As a result of our significant continued capital and investment expenditures on Transco expansion projects and 
fee-based gathering and processing projects, fee-based businesses are a significant component of our portfolio and 
serve to reduce the influence of commodity price fluctuations on our operating results and cash flows.  We expect to 
benefit as continued growth in demand for low-cost natural gas is driven by increases in LNG exports, industrial demand 
and power generation.  For 2019, current forward market prices indicate oil, natural gas, and NGL prices are expected 
to be lower compared to 2018.  We continue to address certain pricing risks through the utilization of commodity 
hedging strategies.

 In 2019, our operating results are expected to include increases from our regulated Transco fee-based business,  
primarily related to projects recently placed in-service.  For our non-regulated businesses, we anticipate increases in 
fee-based revenue in the Northeast G&P segment associated with recent expansion projects, partially offset with a 
decrease in the West segment primarily due to recent asset divestitures.  We expect overall gathering and processing 
volumes to grow in 2019 for our continuing businesses and anticipate an increase in our equity earnings primarily 
associated with new investments.  Additionally, we believe general and administrative expenses will be slightly lower 
due to recent asset divestitures and the effect of the WPZ merger.
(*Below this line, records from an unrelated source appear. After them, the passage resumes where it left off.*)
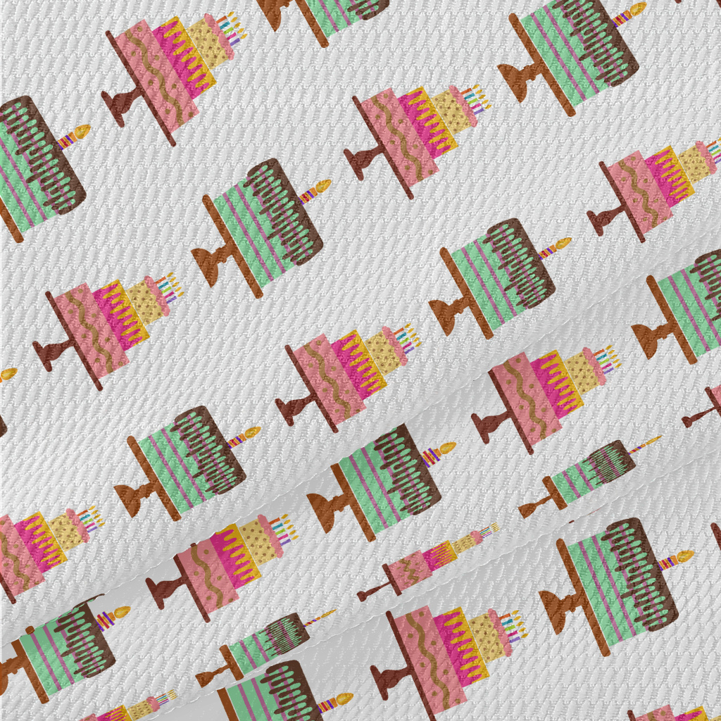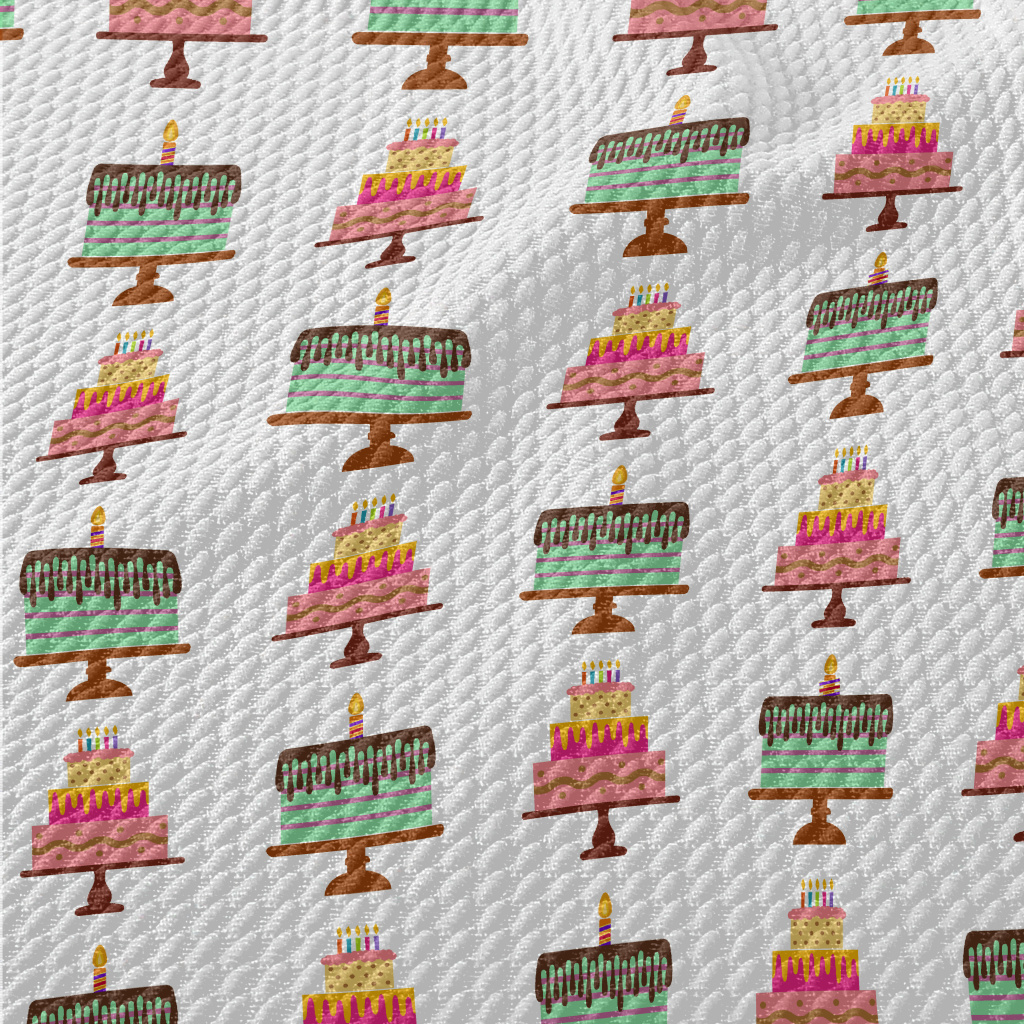 Pink And Green Birthday Cake Birdseye Piqué
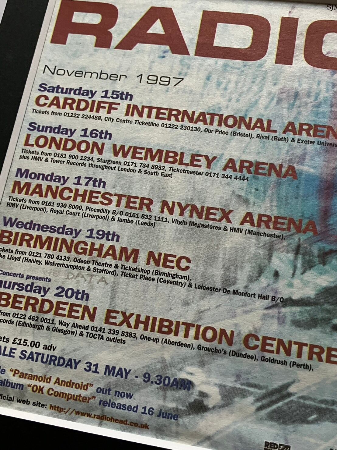 1997/Radiohead『OK Computer Tour』A4額付き
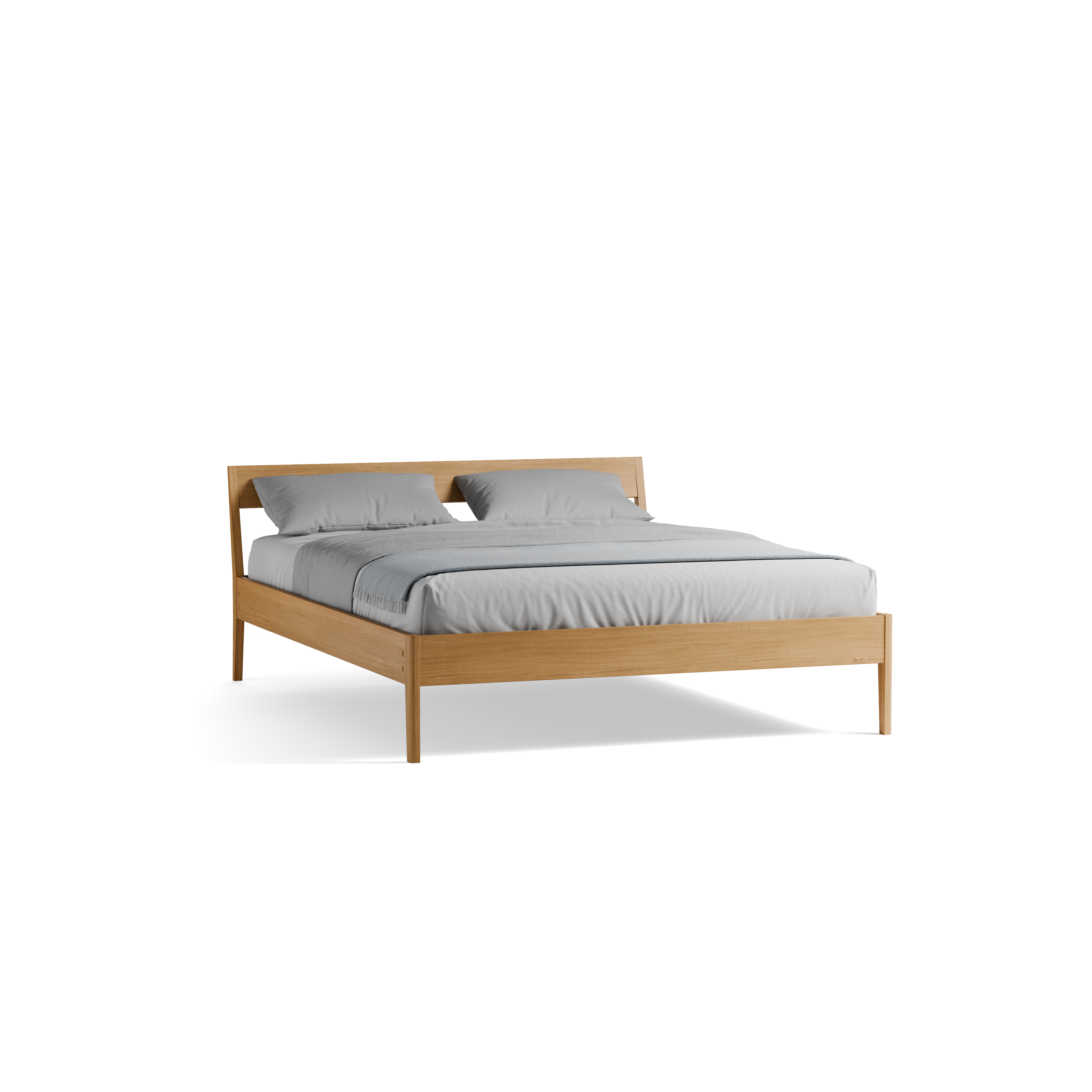 Das stabile Betthaupt neigt sich sanft etwas nach hinten und bildet gemeinsam mit dem Bettfuß einen dynamischen Schwung. Es lädt zum bequemen, knarzfreien Anlehnen ein, etwa beim Lesen oder beim abendlichen Gedankenaustausch mit dem Partner bzw. der Partnerin.
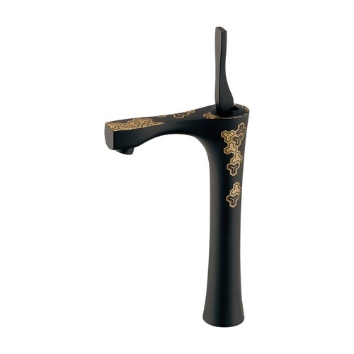 日本の伝統的な吉祥紋様と漆黒の本体が、和の手洗い空間を凛とした格式高い印象に仕上げます。
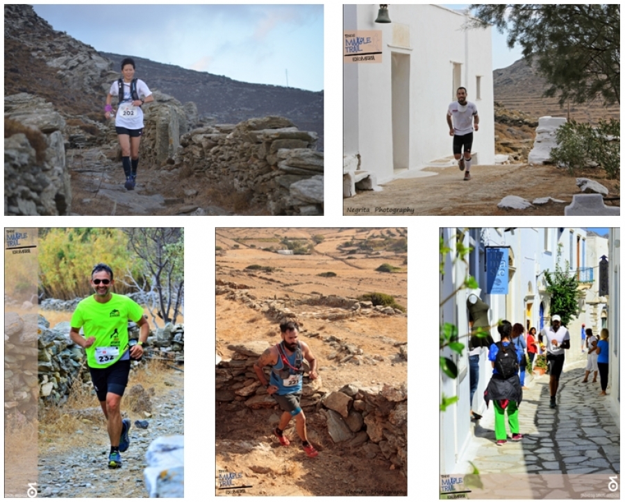 Μετά τον εκκωφαντικό ήχο ενός τριμπονιού (παραδοσιακού όπλου) οι αθλητές ξεχύθηκαν στα σοκάκια του οικισμού του Πύργου καταλήγοντας στο κεντρικό μονοπάτι που τους οδήγησε σε ένα αγώνα περιπέτειας και δράσης. Η διαδρομή πραγματικά μαγική περνώντας από πέντε χωριά (Πύργο,Πλατιά,Ρόχαρι,Πάνορμος,Μαρλά,Μαμάδο) καθώς και από τον ερειπωμένο οικισμό του Ισμαήλ γενέτειρα πατρίδα του Γιαννούλη Χαλεπά. Οι εικόνες μοναδικές περάσματα από παραλίες, βράχια, ξερολιθιές, Μοναστήρια με φόντο το Αιγαίο Πέλαγος.

Potential risks and obstacles that could impact the execution of our plan include:

•  Opposition to, and legal regulations affecting, our infrastructure projects, including the risk of delay or denial 

in permits and approvals needed for our projects;

•  Unexpected significant increases in capital expenditures or delays in capital project execution;

•  Counterparty credit and performance risk;

•  Unexpected changes in customer drilling and production activities, which could negatively impact gathering 

and processing volumes;

•  Lower than anticipated demand for natural gas and natural gas products which could result in lower than 

expected volumes, energy commodity prices, and margins;

•  General economic, financial markets, or further industry downturn, including increased interest rates;

•  Physical damages to facilities, including damage to offshore facilities by named windstorms;

•  Other risks set forth under Part I, Item 1A. Risk Factors in this report.  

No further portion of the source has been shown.